I did the same - one vet said its time, another vet said "we can do this" - even though my boy Barns was 16 and riddled with cancer - he was skinny and in pain. So I put him through two weeks of hell. I felt so bad - he was the most loving animal anyone could wish to meet. My other boy, Smeags, died last Thursday, this time I could make sure it was quick and painless. Three days before he went in, he was on his back in the garden. They found "accidentally" a giant tumour in his chest. He was losing weight, his breathing was getting bad - i just thought it was his teeth and old age; but when his purr changed I knew something worse was happening. He's purr sounded like Barnses. The loss is devastating, and the pain is always there. BUT, you have to give another cat a loving home. Do not do it for you, do it for the cat - when thinking of it like that, it makes it easier. And next time, you will make the right decision for you. x


----------



## Boocat73 (Jul 25, 2014)

SpencerK said:


> I did the same - one vet said its time, another vet said "we can do this" - even though my boy Barns was 16 and riddled with cancer - he was skinny and in pain. So I put him through two weeks of hell. I felt so bad - he was the most loving animal anyone could wish to meet.
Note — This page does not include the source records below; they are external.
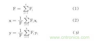 在圖1所示的模型中,Si(i=1,2,3,4)表示第i個壓力傳感器。在P平麵的二維坐標係中,記Si與P平麵的接觸點(或接觸麵的中心點)的坐標為(xi,yi),4個接觸點構成的矩形區域(虛線框內)稱為定位區D。在D中任一點(x,y)處施加一垂直於P平麵的力F,令Fi表示Si受到的F的分壓力,根據四支點平麵物體重心位置計算公式,式(1)~(3)成立。
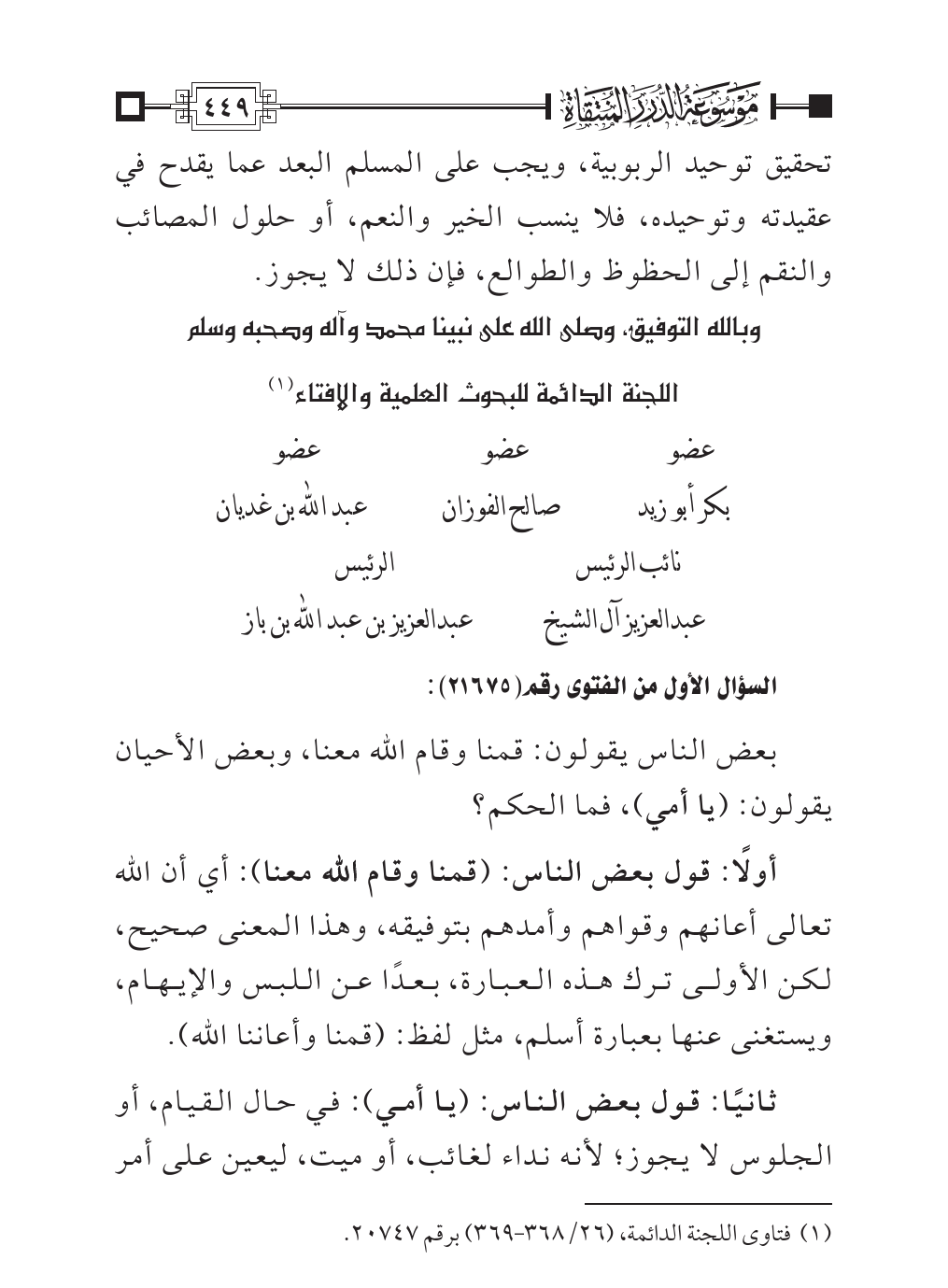 (¬١). فتاوى اللجنة الدائمة، (٢٦/ ٣٦٨ - ٣٦٩) برقم ٢٠٧٤٧.
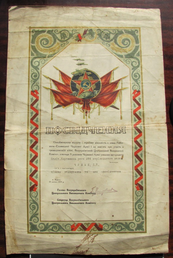 Вот такие доки на бат.комиссара Чумак Деомида Тимофеевича.

My other boy, Smeags, died last Thursday, this time I could make sure it was quick and painless. Three days before he went in, he was on his back in the garden. They found "accidentally" a giant tumour in his chest. He was losing weight, his breathing was getting bad - i just thought it was his teeth and old age; but when his purr changed I knew something worse was happening. He's purr sounded like Barnses. The loss is devastating, and the pain is always there. BUT, you have to give another cat a loving home. Do not do it for you, do it for the cat - when thinking of it like that, it makes it easier. And next time, you will make the right decision for you. x


----------



## Boocat73 (Jul 25, 2014)

I am so very sorry for both your losses , especially as you too had to go through watching them suffer , but only through the want of you trying to make them better . It must be so dreadful to have both boys gone but am sure they had the most wonderful life with you . I too have another cat, a Russian girl who was like a sister to our boy and sadly she has suddenly gone down hill with stage 3/4 kidney disease . So a week after our beloved Bengals passing we are now getting ready to potentially go down the same route with her ..but like you with darling Smeags, this time I won’t let her suffer through countless vet trips and stays as she’s very sensitive . 
Thank you for your kind words and having had these few weeks to recover from feeling so incredibly guilty (I never fully will forgive myself ) we of course will one day get more darling pets . 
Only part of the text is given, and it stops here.